● **PROBLEM TO WORK ON**: Word for word, restate the lines of the data below between those holding "Enliven your interior" and "Estes casamento moderno", inclusive; pictures do not belong in the copy.

● **DATASET EXTRACT**:

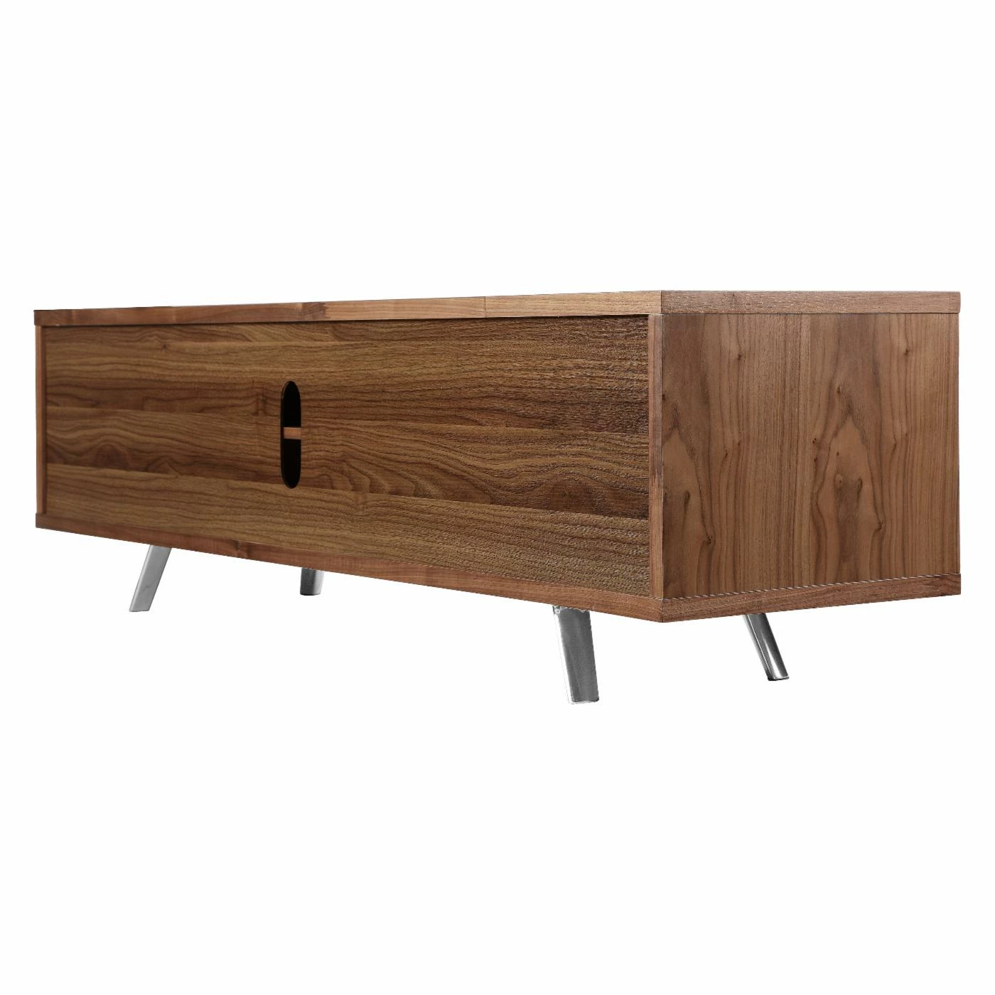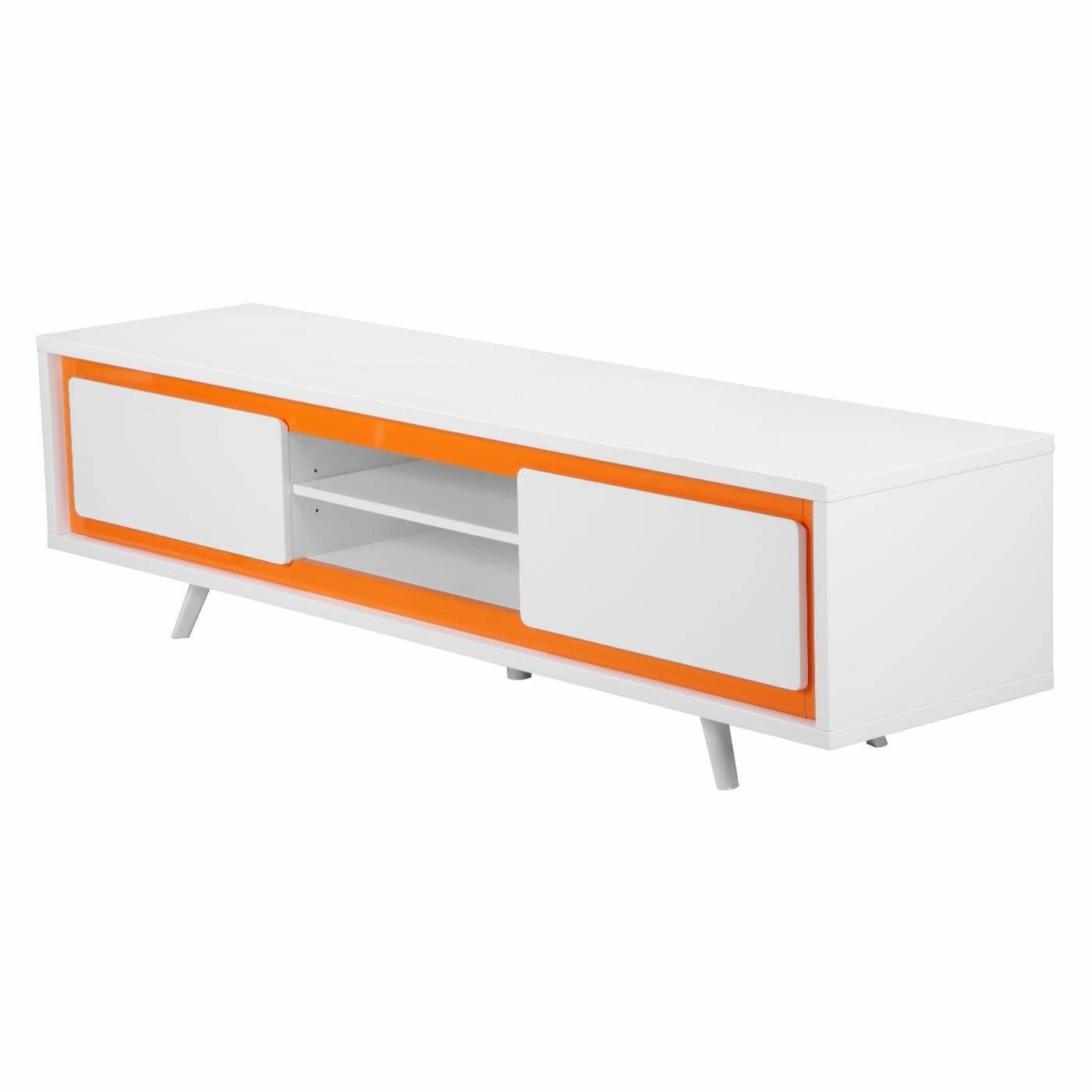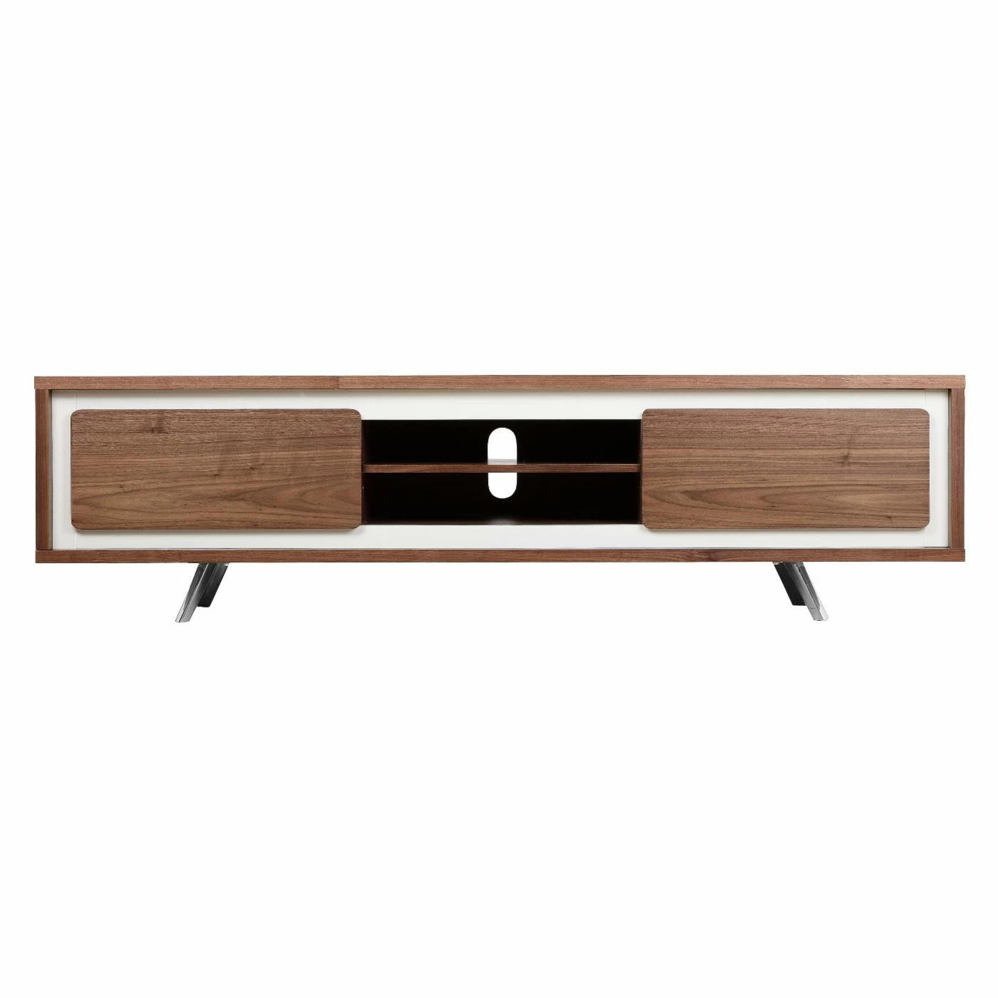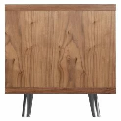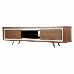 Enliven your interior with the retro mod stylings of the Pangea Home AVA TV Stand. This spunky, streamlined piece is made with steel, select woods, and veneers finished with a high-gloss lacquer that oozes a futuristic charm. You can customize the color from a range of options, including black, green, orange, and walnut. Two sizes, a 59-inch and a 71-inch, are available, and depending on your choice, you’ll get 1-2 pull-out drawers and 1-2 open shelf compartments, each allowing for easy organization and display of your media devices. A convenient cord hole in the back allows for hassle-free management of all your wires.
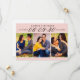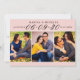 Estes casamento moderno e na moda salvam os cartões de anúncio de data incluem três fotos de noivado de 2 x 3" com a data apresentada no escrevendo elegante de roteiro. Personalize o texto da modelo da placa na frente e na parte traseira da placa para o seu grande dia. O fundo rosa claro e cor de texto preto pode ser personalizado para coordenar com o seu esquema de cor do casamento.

==

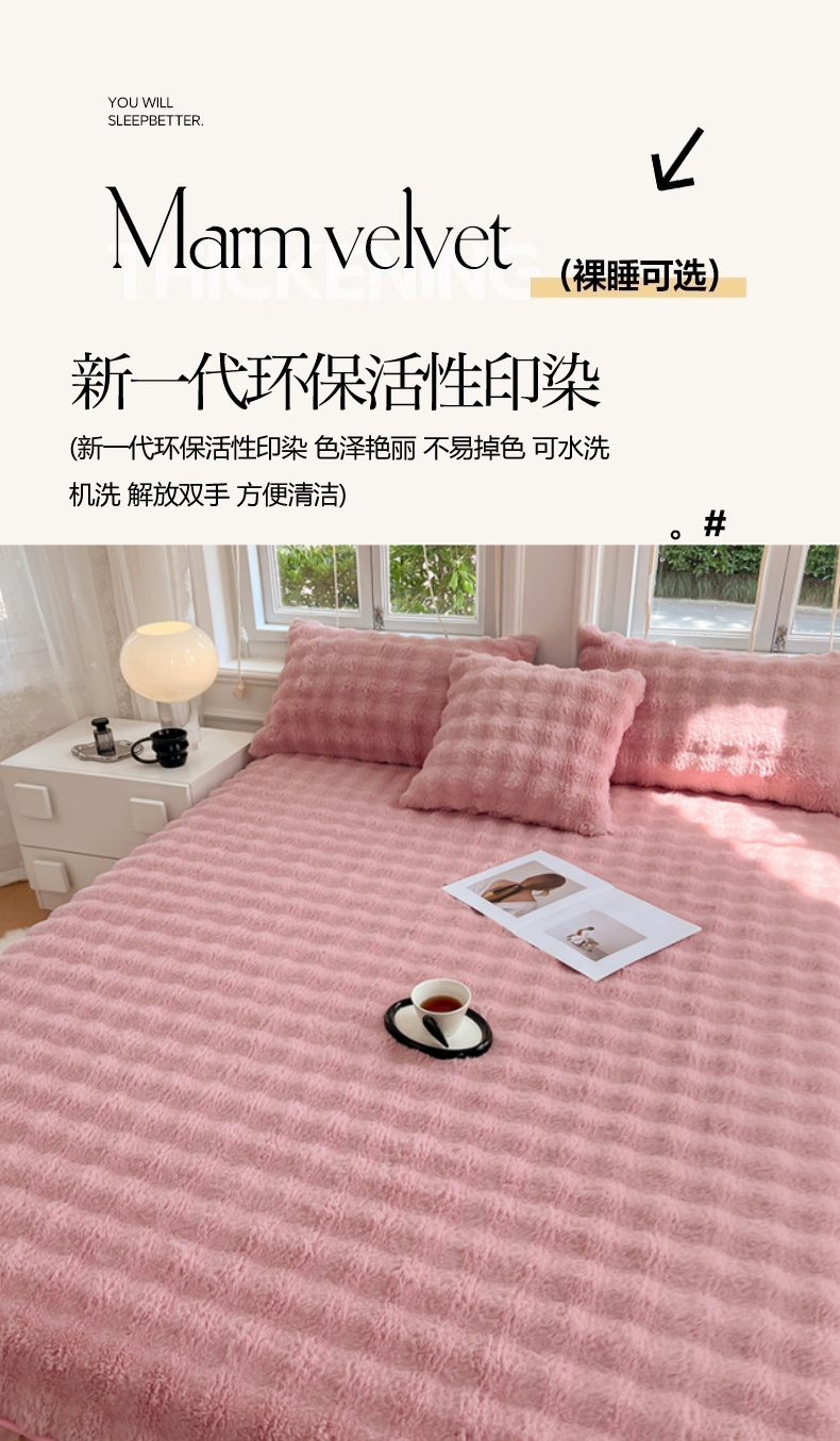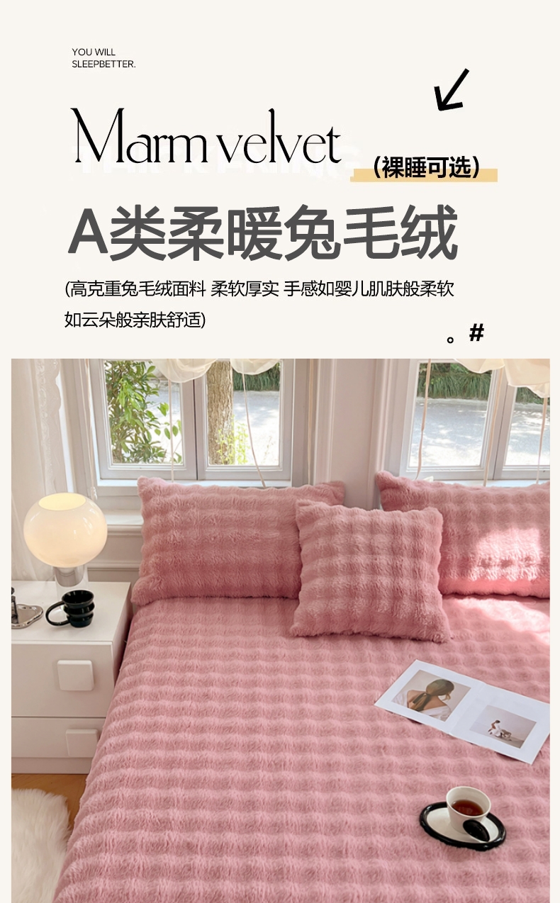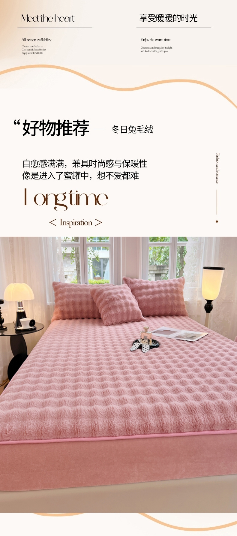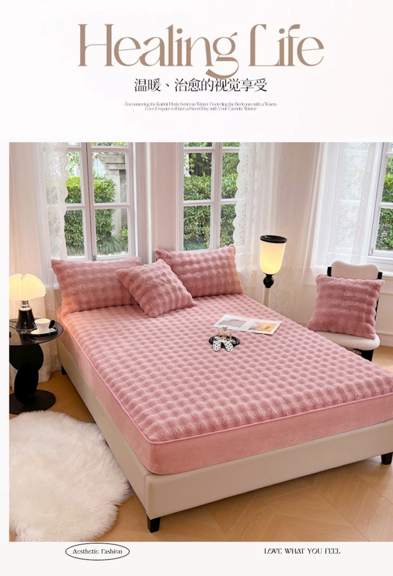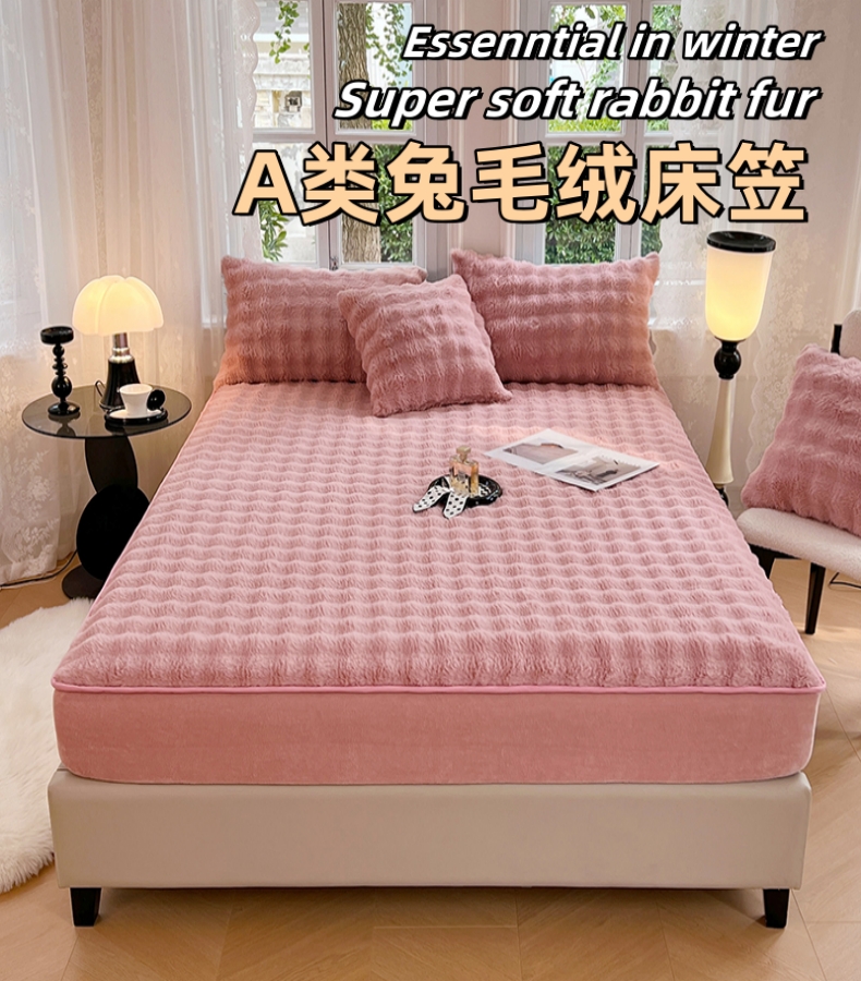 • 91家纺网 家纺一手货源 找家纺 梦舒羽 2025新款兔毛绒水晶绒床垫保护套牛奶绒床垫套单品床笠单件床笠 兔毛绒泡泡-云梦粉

==

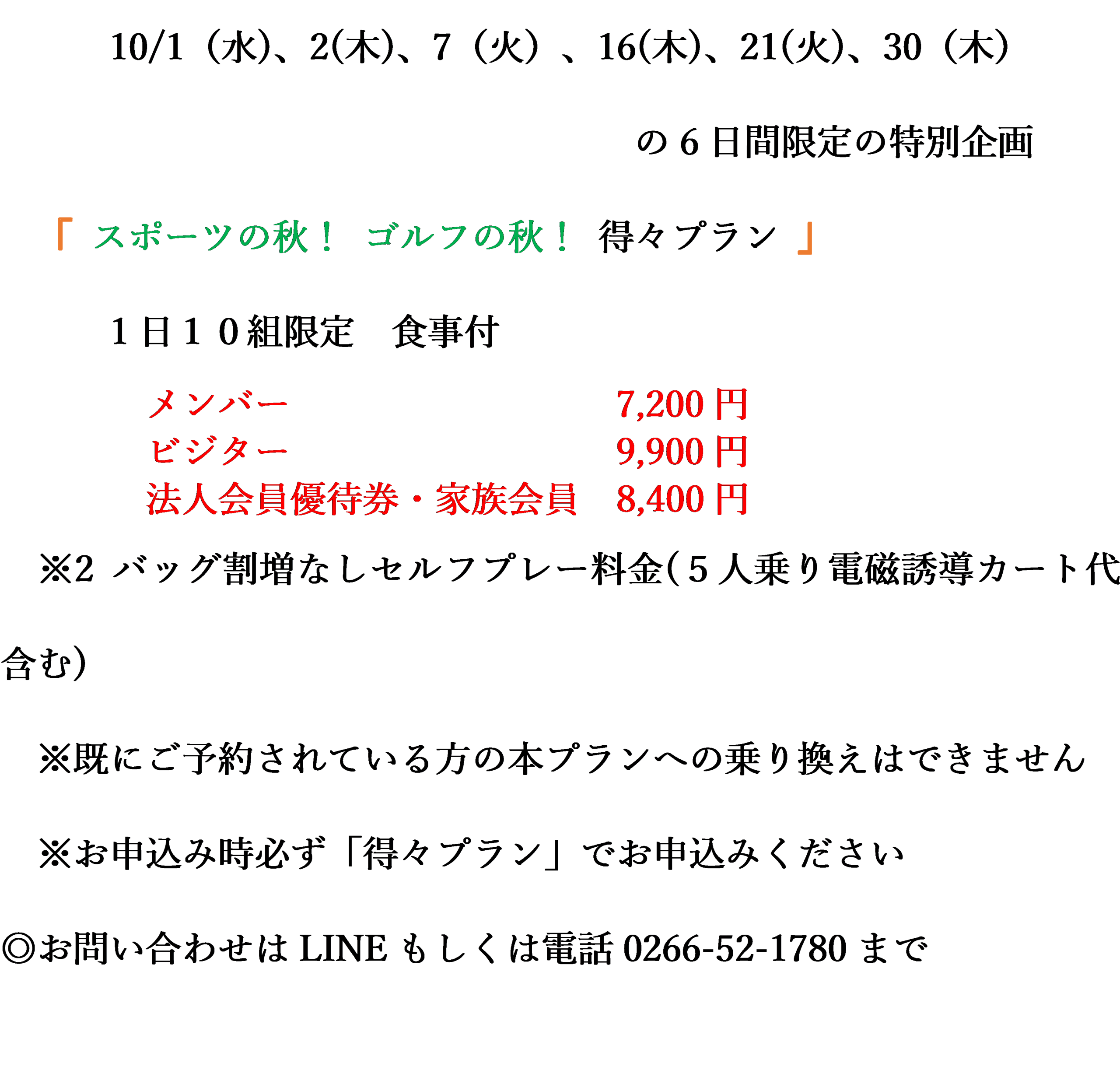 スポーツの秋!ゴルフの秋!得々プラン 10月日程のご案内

● **ANSWER BOX**:
 Enliven your interior with the retro mod stylings of the Pangea Home AVA TV Stand. This spunky, streamlined piece is made with steel, select woods, and veneers finished with a high-gloss lacquer that oozes a futuristic charm. You can customize the color from a range of options, including black, green, orange, and walnut. Two sizes, a 59-inch and a 71-inch, are available, and depending on your choice, you’ll get 1-2 pull-out drawers and 1-2 open shelf compartments, each allowing for easy organization and display of your media devices. A convenient cord hole in the back allows for hassle-free management of all your wires.
 Estes casamento moderno e na moda salvam os cartões de anúncio de data incluem três fotos de noivado de 2 x 3" com a data apresentada no escrevendo elegante de roteiro. Personalize o texto da modelo da placa na frente e na parte traseira da placa para o seu grande dia. O fundo rosa claro e cor de texto preto pode ser personalizado para coordenar com o seu esquema de cor do casamento.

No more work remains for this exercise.